SUPPLIED DATA –

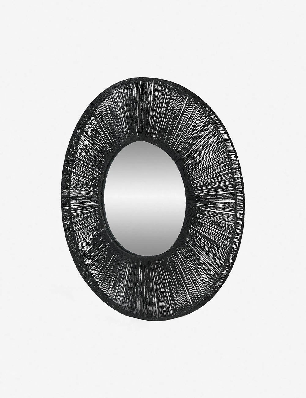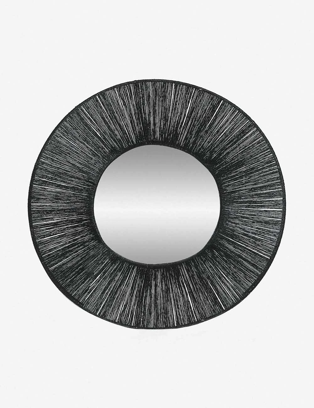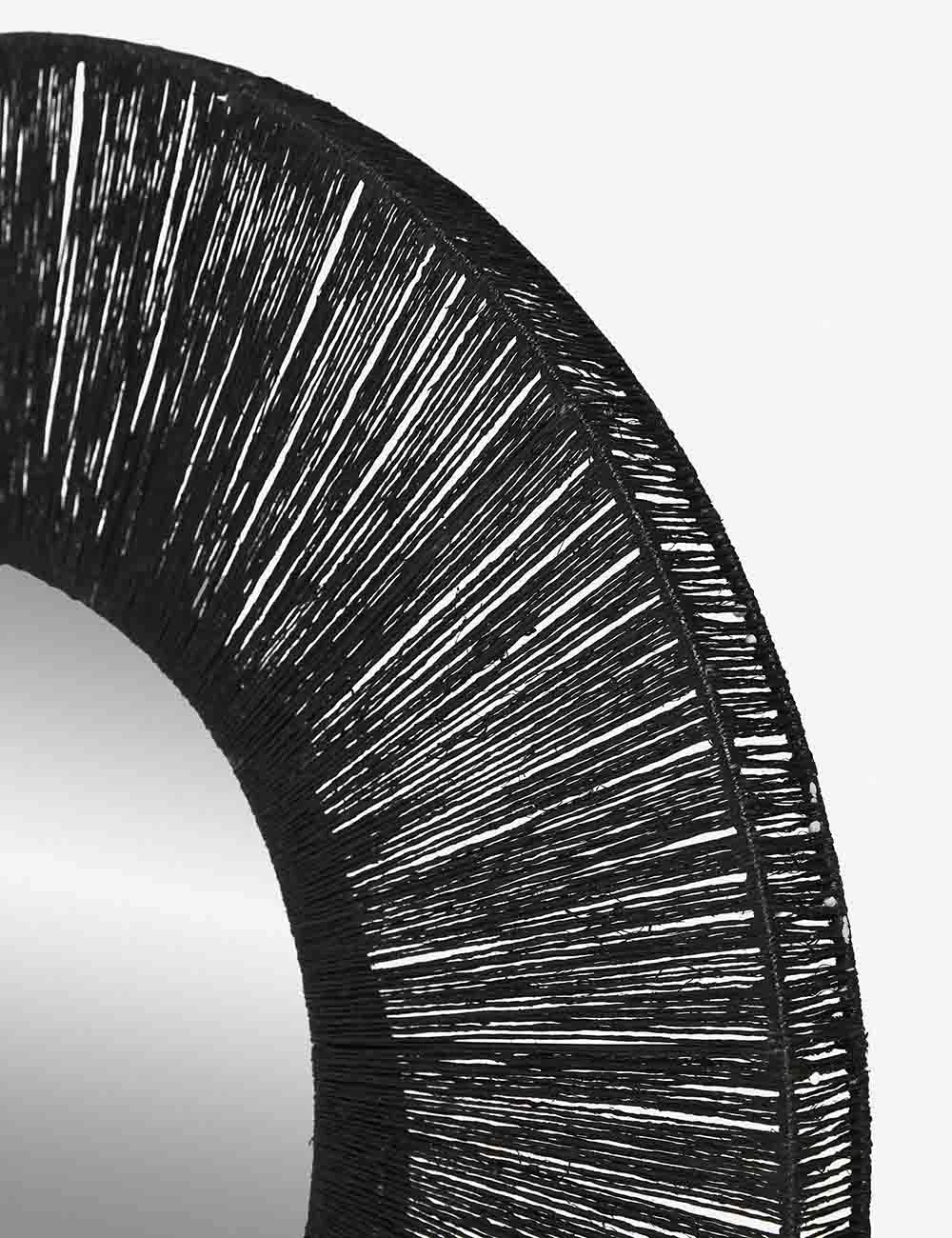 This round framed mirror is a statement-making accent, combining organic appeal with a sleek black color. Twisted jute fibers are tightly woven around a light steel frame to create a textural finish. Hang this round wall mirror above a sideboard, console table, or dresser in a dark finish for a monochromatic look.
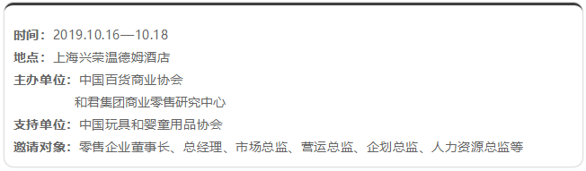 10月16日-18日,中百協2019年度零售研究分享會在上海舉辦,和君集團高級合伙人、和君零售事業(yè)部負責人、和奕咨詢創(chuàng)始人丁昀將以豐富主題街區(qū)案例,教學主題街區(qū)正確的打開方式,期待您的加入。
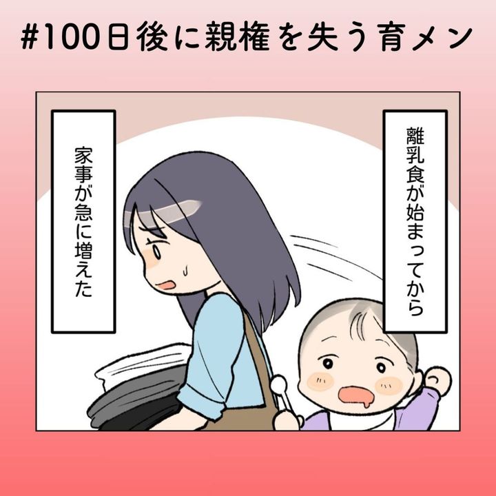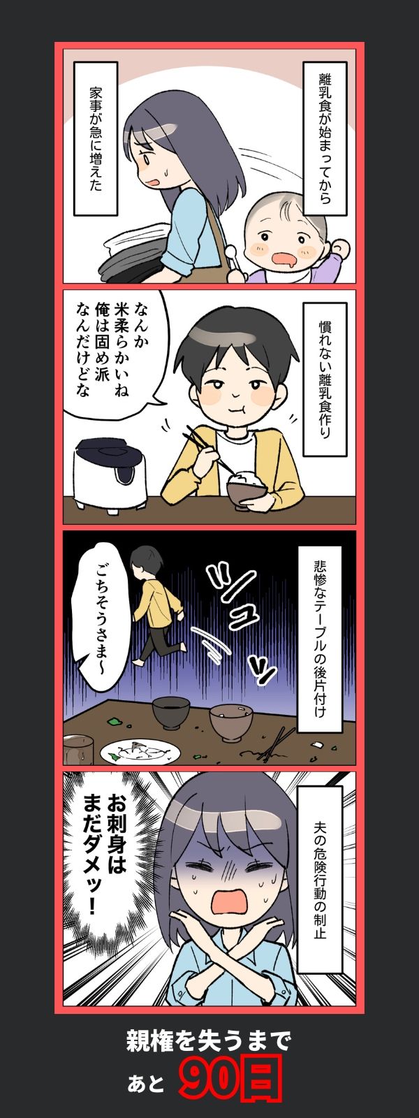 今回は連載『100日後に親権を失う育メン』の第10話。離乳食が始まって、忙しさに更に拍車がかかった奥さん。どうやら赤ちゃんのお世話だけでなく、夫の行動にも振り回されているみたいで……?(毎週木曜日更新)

EXERCISE – All of the data is to be transcribed exactly, with images omitted.

EXERCISE RESULT –
 This round framed mirror is a statement-making accent, combining organic appeal with a sleek black color. Twisted jute fibers are tightly woven around a light steel frame to create a textural finish. Hang this round wall mirror above a sideboard, console table, or dresser in a dark finish for a monochromatic look.
 10月16日-18日,中百協2019年度零售研究分享會在上海舉辦,和君集團高級合伙人、和君零售事業(yè)部負責人、和奕咨詢創(chuàng)始人丁昀將以豐富主題街區(qū)案例,教學主題街區(qū)正確的打開方式,期待您的加入。
 今回は連載『100日後に親権を失う育メン』の第10話。離乳食が始まって、忙しさに更に拍車がかかった奥さん。どうやら赤ちゃんのお世話だけでなく、夫の行動にも振り回されているみたいで……?(毎週木曜日更新)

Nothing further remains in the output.